WHAT THIS TASK INVOLVES:
Reproduce the lines below exactly. Skip images.

GIVEN INFORMATION:
·····

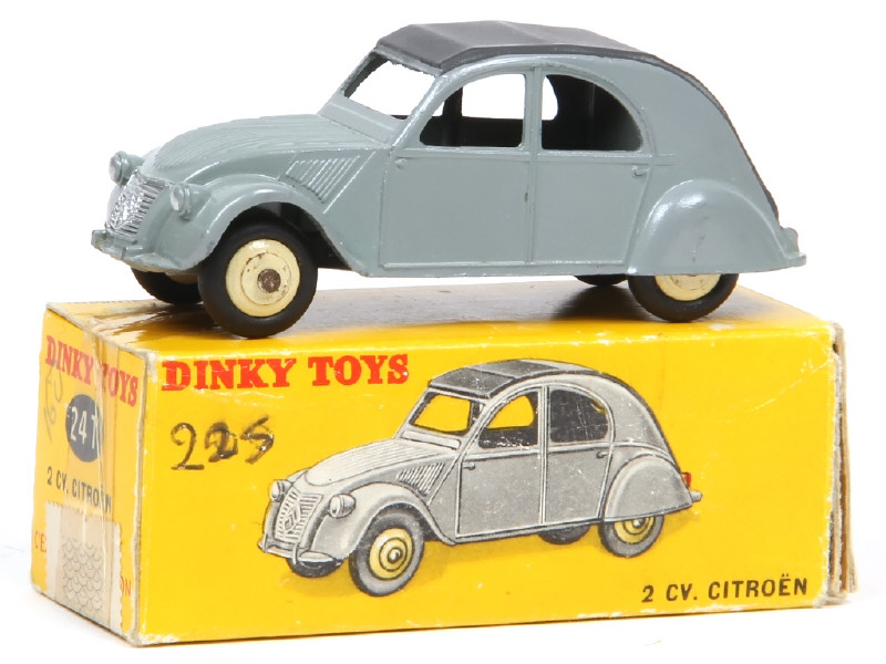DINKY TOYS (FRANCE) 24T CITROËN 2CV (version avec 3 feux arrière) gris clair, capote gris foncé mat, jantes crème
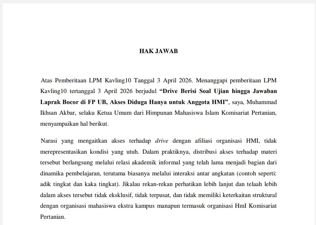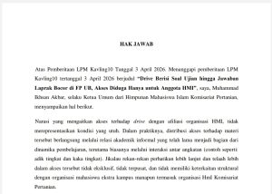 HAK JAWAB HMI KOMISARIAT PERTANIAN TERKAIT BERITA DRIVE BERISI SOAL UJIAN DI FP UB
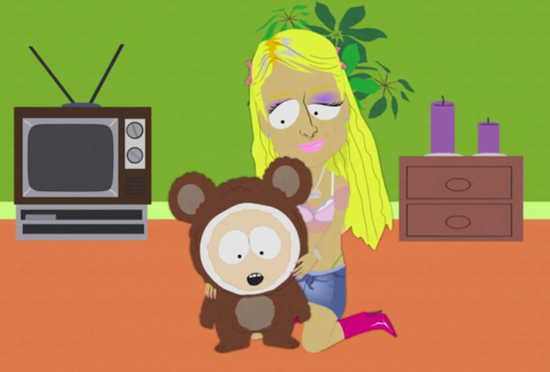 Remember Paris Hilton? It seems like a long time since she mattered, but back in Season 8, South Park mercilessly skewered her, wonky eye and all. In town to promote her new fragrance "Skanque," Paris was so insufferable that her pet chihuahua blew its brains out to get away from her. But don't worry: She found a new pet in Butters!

·····

PROBLEM SOLUTION:
DINKY TOYS (FRANCE) 24T CITROËN 2CV (version avec 3 feux arrière) gris clair, capote gris foncé mat, jantes crème
 HAK JAWAB HMI KOMISARIAT PERTANIAN TERKAIT BERITA DRIVE BERISI SOAL UJIAN DI FP UB
 Remember Paris Hilton? It seems like a long time since she mattered, but back in Season 8, South Park mercilessly skewered her, wonky eye and all. In town to promote her new fragrance "Skanque," Paris was so insufferable that her pet chihuahua blew its brains out to get away from her. But don't worry: She found a new pet in Butters!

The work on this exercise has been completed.